§ Exercise materials
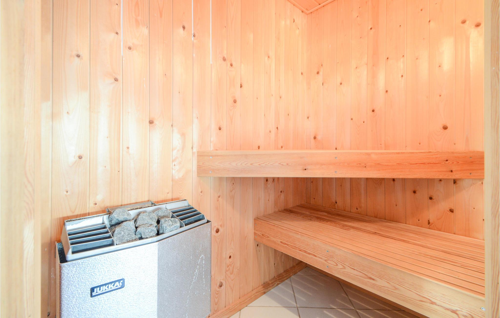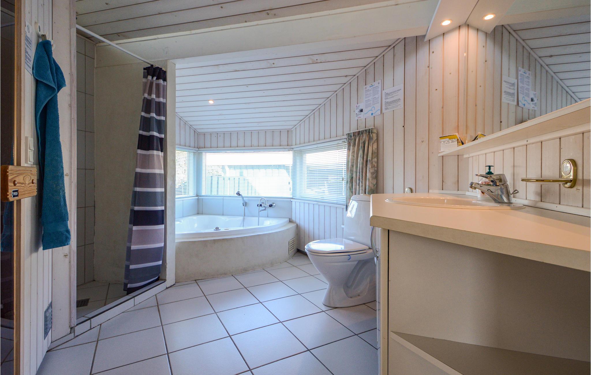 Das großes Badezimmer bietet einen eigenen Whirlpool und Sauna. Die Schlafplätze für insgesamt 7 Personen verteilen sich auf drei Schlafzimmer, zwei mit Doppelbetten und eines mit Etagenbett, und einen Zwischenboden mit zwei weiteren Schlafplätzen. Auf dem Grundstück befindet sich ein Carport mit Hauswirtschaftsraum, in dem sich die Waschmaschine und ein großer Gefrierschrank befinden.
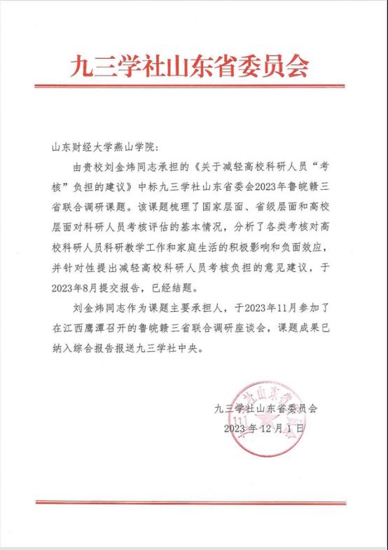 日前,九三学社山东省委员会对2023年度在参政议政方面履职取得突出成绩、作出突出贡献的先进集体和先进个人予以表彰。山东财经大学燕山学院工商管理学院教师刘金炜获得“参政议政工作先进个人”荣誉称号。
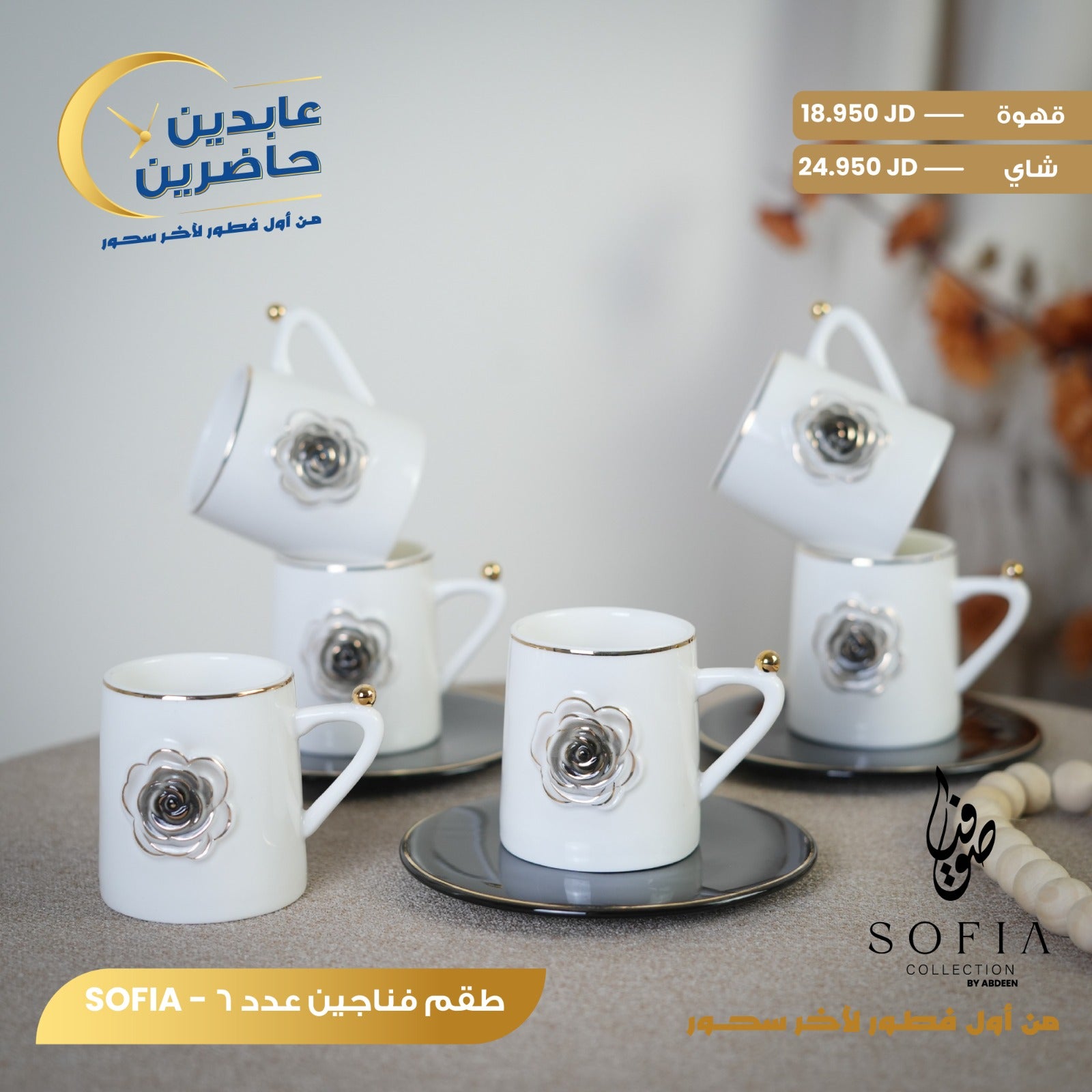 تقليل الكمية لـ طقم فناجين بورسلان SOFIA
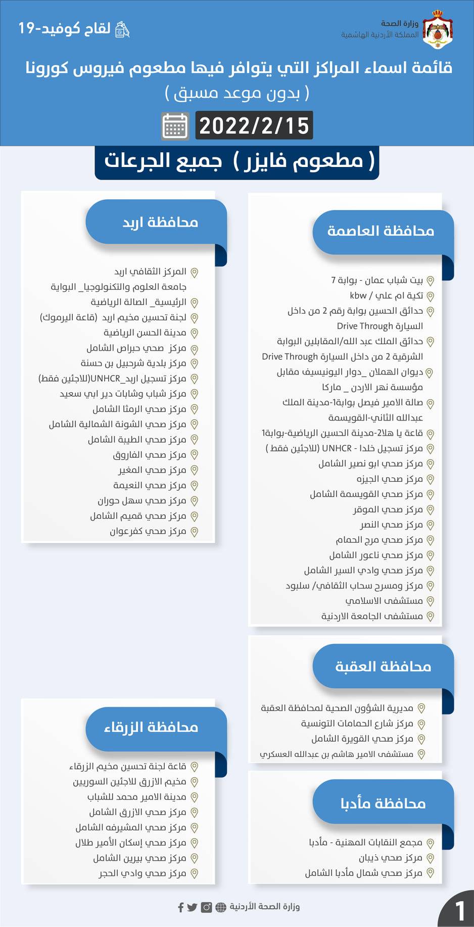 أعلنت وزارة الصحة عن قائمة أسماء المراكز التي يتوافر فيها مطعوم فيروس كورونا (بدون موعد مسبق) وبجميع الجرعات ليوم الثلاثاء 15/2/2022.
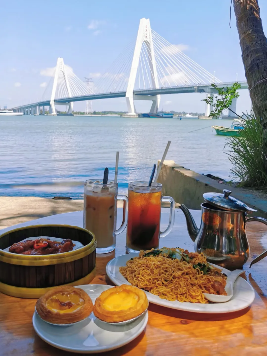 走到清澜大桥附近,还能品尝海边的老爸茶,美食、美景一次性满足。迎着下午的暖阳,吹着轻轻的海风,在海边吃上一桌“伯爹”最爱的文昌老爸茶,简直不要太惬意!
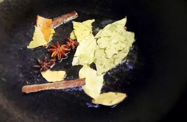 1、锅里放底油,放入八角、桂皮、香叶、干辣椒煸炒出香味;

§ Task brief
Leaving the pictures aside, write out the entries above exactly.

§ Task answer
 Das großes Badezimmer bietet einen eigenen Whirlpool und Sauna. Die Schlafplätze für insgesamt 7 Personen verteilen sich auf drei Schlafzimmer, zwei mit Doppelbetten und eines mit Etagenbett, und einen Zwischenboden mit zwei weiteren Schlafplätzen. Auf dem Grundstück befindet sich ein Carport mit Hauswirtschaftsraum, in dem sich die Waschmaschine und ein großer Gefrierschrank befinden.
 日前,九三学社山东省委员会对2023年度在参政议政方面履职取得突出成绩、作出突出贡献的先进集体和先进个人予以表彰。山东财经大学燕山学院工商管理学院教师刘金炜获得“参政议政工作先进个人”荣誉称号。
 تقليل الكمية لـ طقم فناجين بورسلان SOFIA
 أعلنت وزارة الصحة عن قائمة أسماء المراكز التي يتوافر فيها مطعوم فيروس كورونا (بدون موعد مسبق) وبجميع الجرعات ليوم الثلاثاء 15/2/2022.
 走到清澜大桥附近,还能品尝海边的老爸茶,美食、美景一次性满足。迎着下午的暖阳,吹着轻轻的海风,在海边吃上一桌“伯爹”最爱的文昌老爸茶,简直不要太惬意!
 1、锅里放底油,放入八角、桂皮、香叶、干辣椒煸炒出香味;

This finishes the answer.